After Mom’s two hip breaks and a diagnosis of early stage Alzheimer’s, it was clear to my sister and me that some tough decisions needed to be made. The part time caregiver we had hired to assist mother at home was not going to be enough anymore. And the upkeep and expense of a 4000 square foot house did not seem prudent. Add to that, the fact that I lived an hour away and my sister -four hours – clearly something had to change. So we arranged for Mom to come and live in an assisted living facility just minutes from my house. I could leave my workplace at lunch to check on her or stop by on my way home from work. We also hired a private caregiver for five hours, several days a week to provide Mom with personal attention. All the staff knew that if I was needed, I was just minutes away.
Fast forward to this past weekend. My sister came in to town with her youngest daughter and our entire weekend was dedicated to time with mom and doing things she enjoyed. I ignored the chores at my house and the work project that needed some weekend effort. Friday evening dinner was at her favorite restaurant, Bob Evans! Saturday we spent out and about, taking her to lunch, looking at the newest Vera Bradley items in a local shop (mom loves Vera Bradley) and then back to my house for a home cooked dinner.

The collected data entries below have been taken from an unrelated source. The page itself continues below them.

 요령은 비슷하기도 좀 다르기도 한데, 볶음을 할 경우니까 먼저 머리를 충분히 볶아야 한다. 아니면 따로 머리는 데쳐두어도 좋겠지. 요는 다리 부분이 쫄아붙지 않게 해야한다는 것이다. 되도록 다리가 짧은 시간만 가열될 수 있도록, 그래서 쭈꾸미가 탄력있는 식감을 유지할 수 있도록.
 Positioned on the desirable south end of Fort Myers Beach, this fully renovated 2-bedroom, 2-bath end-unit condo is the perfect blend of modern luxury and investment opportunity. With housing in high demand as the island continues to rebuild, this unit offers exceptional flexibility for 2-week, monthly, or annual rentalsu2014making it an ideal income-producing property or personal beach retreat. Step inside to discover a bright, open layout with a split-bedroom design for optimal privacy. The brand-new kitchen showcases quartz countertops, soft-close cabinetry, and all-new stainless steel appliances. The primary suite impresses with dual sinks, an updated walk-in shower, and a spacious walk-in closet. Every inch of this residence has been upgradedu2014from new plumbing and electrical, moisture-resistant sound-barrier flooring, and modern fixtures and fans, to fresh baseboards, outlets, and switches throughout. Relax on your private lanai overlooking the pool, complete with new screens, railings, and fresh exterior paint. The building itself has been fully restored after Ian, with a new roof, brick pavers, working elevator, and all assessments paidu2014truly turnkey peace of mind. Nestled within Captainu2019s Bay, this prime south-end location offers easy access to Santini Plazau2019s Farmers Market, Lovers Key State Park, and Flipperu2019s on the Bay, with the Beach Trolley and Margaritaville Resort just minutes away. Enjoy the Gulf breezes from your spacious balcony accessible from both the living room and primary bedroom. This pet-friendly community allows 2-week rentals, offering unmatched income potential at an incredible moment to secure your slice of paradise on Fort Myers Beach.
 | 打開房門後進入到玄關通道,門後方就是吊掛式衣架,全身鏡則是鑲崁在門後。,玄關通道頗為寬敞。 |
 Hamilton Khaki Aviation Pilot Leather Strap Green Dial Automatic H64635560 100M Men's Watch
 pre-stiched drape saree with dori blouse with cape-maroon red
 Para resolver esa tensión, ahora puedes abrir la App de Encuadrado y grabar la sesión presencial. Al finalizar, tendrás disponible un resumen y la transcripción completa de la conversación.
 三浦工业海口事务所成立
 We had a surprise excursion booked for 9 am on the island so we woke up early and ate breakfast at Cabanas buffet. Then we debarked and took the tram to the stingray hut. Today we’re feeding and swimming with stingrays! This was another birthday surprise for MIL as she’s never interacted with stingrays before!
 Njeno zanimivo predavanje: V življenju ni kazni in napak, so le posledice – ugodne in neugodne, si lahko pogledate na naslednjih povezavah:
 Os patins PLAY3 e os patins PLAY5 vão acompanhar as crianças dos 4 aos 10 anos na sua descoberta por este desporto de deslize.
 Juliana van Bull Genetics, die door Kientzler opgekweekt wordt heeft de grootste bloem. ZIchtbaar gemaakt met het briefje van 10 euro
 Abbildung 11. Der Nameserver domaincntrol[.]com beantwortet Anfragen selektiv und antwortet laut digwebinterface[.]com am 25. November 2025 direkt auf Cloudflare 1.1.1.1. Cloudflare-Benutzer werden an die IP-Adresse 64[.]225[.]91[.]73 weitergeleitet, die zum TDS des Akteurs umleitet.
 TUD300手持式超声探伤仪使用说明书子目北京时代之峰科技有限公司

Later that evening, as we pulled up to Hilltop Manor the assisted living where mom is now living, she sighed and said “ I just feel like I’m on a desert island and no one cares about me”. So much for the time spent with us all day! My sister and I shared a glance and we too, sighed.
I guided mom and her walker into the front door of Hilltop Manor and immediately saw a resident walking quickly toward me and the door. She was in a lovely blue matching gown, robe and slippers and the look on her face was one of angry determination. A few steps behind her, trying to catch up with her, was one of the facility staff members. I immediately knew my role and I planted myself in the doorway – much to my sister’s surprise as she slammed into my back.
The determined little woman, who barely reached my chest, came right up to me and attempted to push me out of her way as she stated, “I’m getting out of here.”
I responded, as I solidly blocked the exit, “ Oh, I’m so sorry. We were just coming in and bringing my mother home.” By that time the staff member had caught up with the would-be escapee and gave me a grateful look.
“ Now Mrs. Jones, let’s go get you ready for bed,” she said as she very gently took Mrs. Jones’ elbow. I stepped inside the entry, let my sister in, and firmly closed the door as Mrs. Jones responded angrily, “ #!!@! Girl, I am not about to stay here. I’m getting out of here!”
My sister and I tried to ease our way past this lively discussion and catch up with our mother who was standing by the elevator to go to her second floor room. “Well, how about if we go and call Sue Ann and tell her good night?” said the staffer.
Mrs. Jones snarled,” I don’t want to talk to that %#$!!% Sue Ann. I hate that &#@!# girl!”
As we walked toward the elevator, I looked at my sister and said softly, “I guarantee you, Sue Ann is the daughter who is just trying to do her best.”
Such is the life for we who are “sandwich caregivers”.